Given all that, Gregg Popovich's post-Game 2 comments bemoaning Aldridge's lack of aggressiveness came off as bit unfair considering the Spurs coach should know better than anyone outside of Portland the limits of Aldridge's fire, aspiration and dependability.

He wanted to be somewhere where he was included in the sum of the parts and wouldn't be exposed as a minus when expected to carry the team every night. That was a choice he earned, and maybe it's good that he knows his preferences and limitations. He didn't necessarily want to be Damian Lillard, but he didn't want his team to be all about Damian Lillard, either.

Only a certain kind of player chooses to go to San Antonio and subordinate himself for a greater cause when he could go anywhere and be anything. Knowing that, the Spurs need to accept him for who he is and help him in ways much different than the ego-boosting other superstars need.

Unfortunately for Aldridge, it just so happened that upon reaching the NBA's final four for the first time in his career with Popovich's considerable guidance, Leonard's ankle injuries thrust him into a starring role.

And that's just not good for him.

Some would view it as a golden opportunity. But if you look at Aldridge's track record, you know that he's not that guy. He wants comfort zone over prime time. Even though he played well in San Antonio's Game 6 clincher at Houston, that was a uniquely pressure-free run with Leonard's ankle being saved for a potential Game 7 back home.

With Leonard back in the lineup, Aldridge played well in Game 1 at Golden State before becoming a big part of the turnover-filled collapse after Leonard got hurt. In the Warriors' Game 2 romp, the story wasn't that Aldridge was overwhelmed by Golden State's defensive attention, it was that Aldridge gave up before he even saw it because he skittishly assumed it was coming.

"I kind of threw off the offensive rhythm not taking my shots, and I kind of got lost in the flow of just standing around," he said.

The guy does care.

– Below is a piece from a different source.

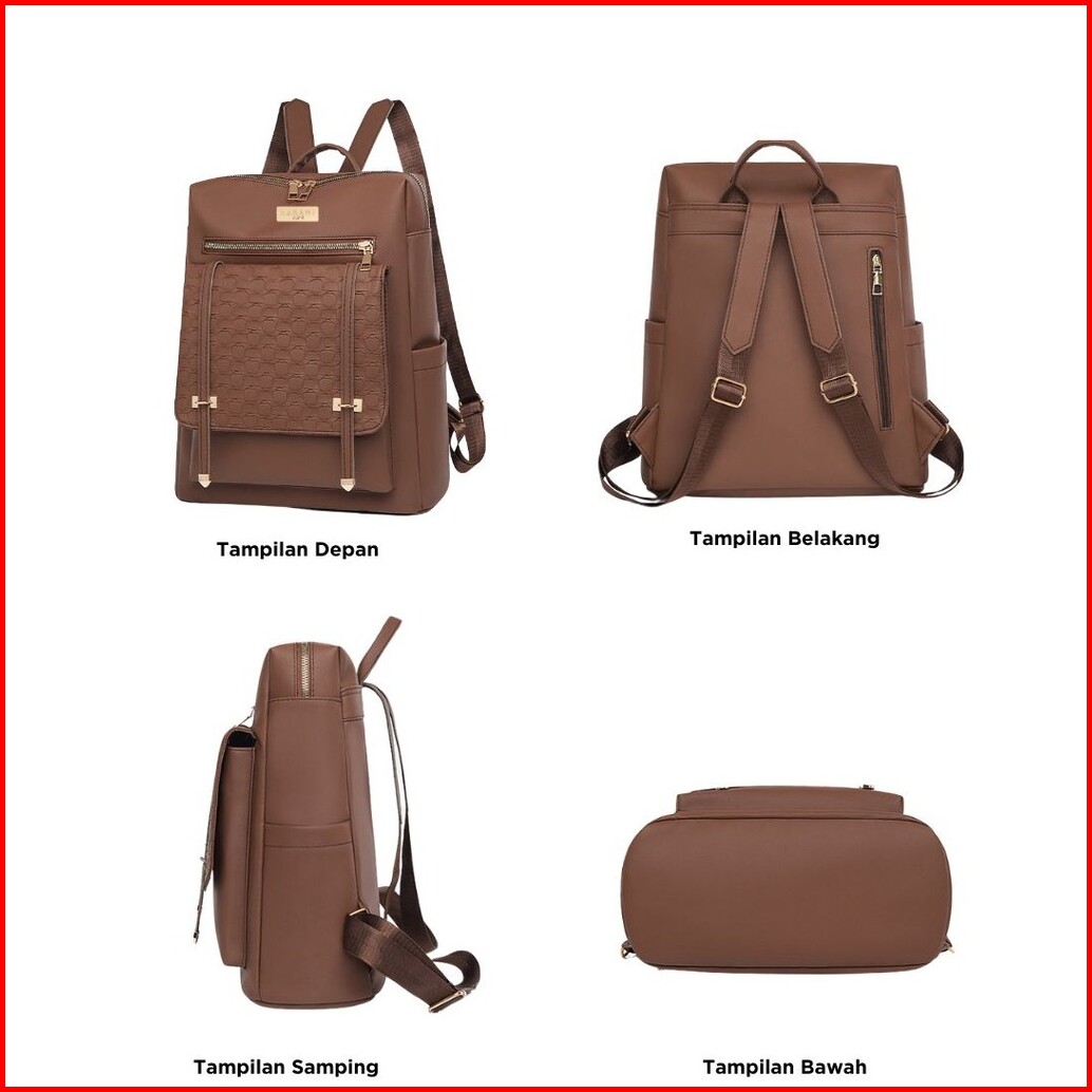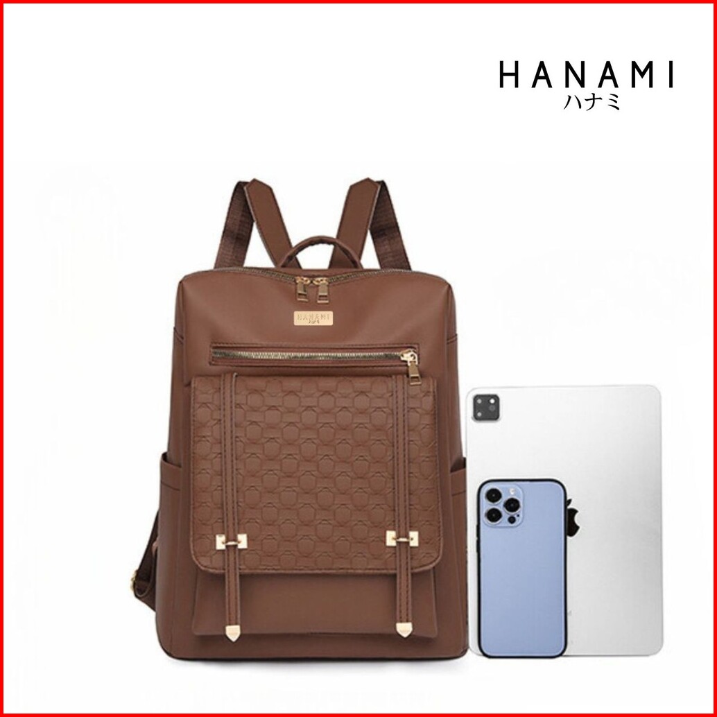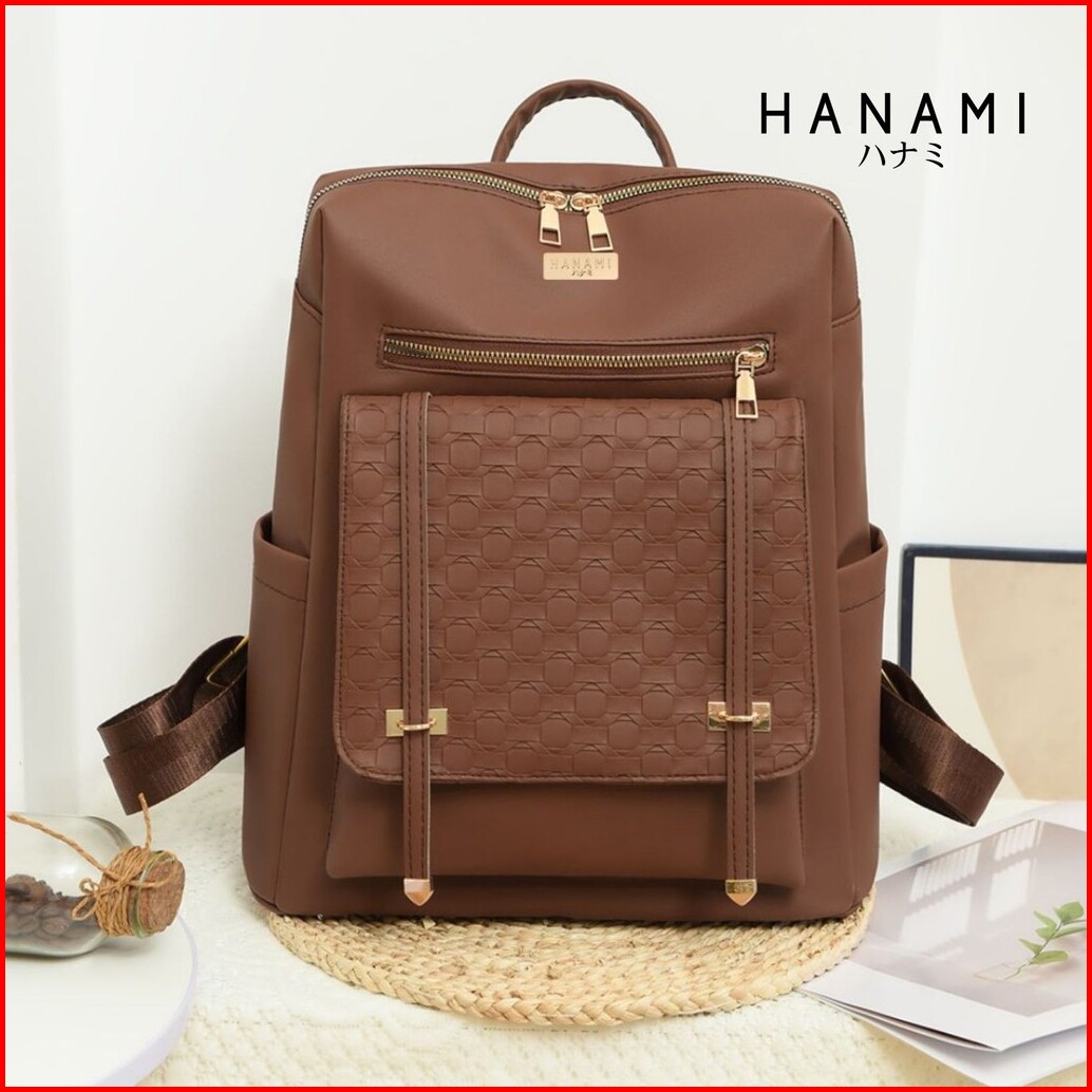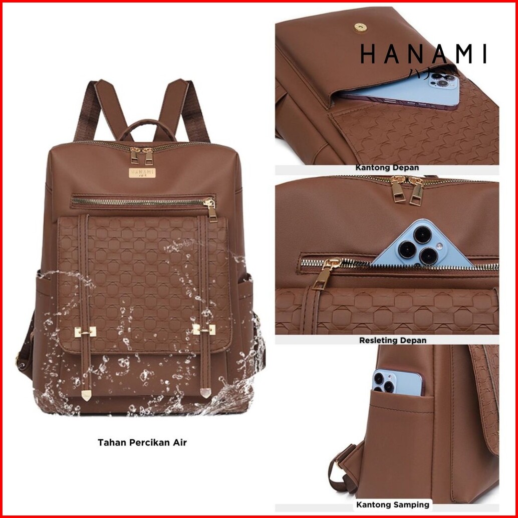 Hanami Tas Ransel Wanita Cokelat Hikaru Backpack Kulit Premium Branded Sekolah Kantor Keren Ta1033b7
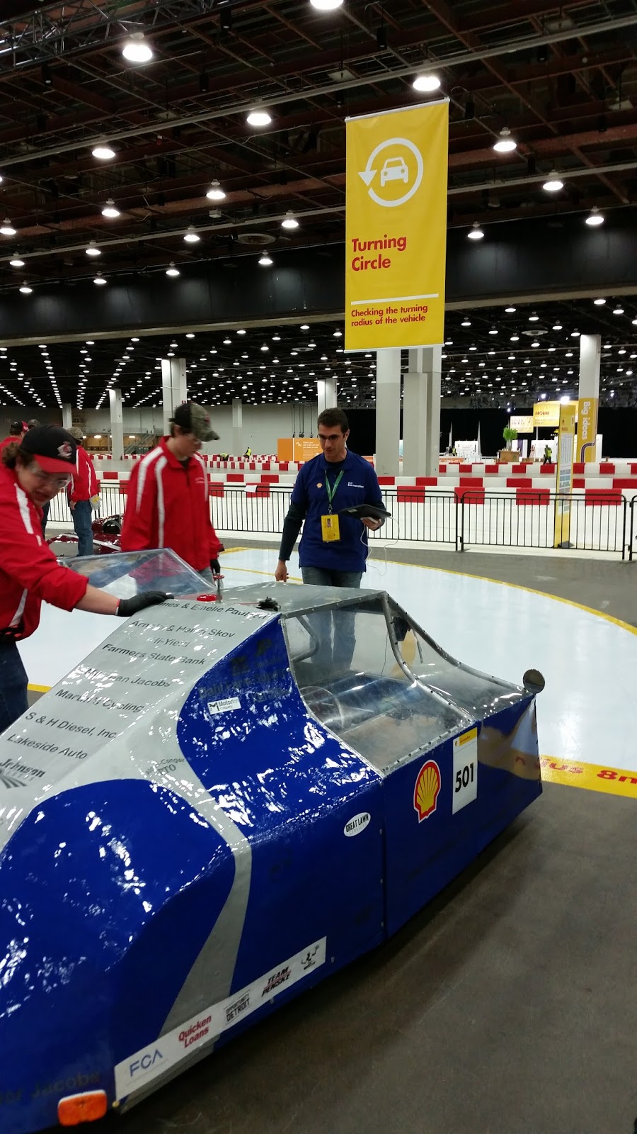 1/4 of a cm. They were able to restring the seat belts while waiting in line. So now they just need to fix the other 2 things. When Isaac did his "Time to Exit" part of the inspection, he was the fastest one out at 3.6 seconds (so far - there was still teams going through.)

You could see his disappointment in himself even before Danny Green shot a couple of mandatory gazes his way when Aldridge failed to provide proper help defense on Stephen Curry's back-breaking layup late in Game 1. When Aldridge fails to get back in transition defense, it's often because he's too deep in his own head making sure he matches up with a shooter on the perimeter, per the scouting report.

Aldridge is the type who will sometimes go through the motions, but he's also the type who will hurt the team by trying to fit in more than trying to be the best he can be.

His teammates have implored him to be more aggressive all season, not just this week. So as striking as Popovich's characterization that Aldridge was "timid" in Game 2 was, it's nothing new to this team.

In truth, he's a guy who has to get knocked down first (Game 2) before he realizes he has to fight harder (Game 3).

"Last game it definitely worked to their advantage with me getting passive," Aldridge said Thursday. "Our next game, I won't do that."

Yet by being the guy who doesn't hit first, Aldridge has ensured the Spurs are in this Game 3 predicament that Pau Gasol described as "If you lose, you know you're pretty much out."

At least Popovich will have had three days off to craft a slightly more Portland-like offensive structure for Aldridge in case Leonard again doesn't play. And it should be much easier to stay poised with the support of a home crowd, in front of which Aldridge shot 49.7 percent this season (as opposed to the 46.1 percent he shot in the road.

Aldridge should play better, but let's be clear: He's not going to save this series or this season for the Spurs.

If he was, he wouldn't be playing in an arena where his uniform number hangs in honor of another player.

If he was, he wouldn't be in San Antonio in the first place.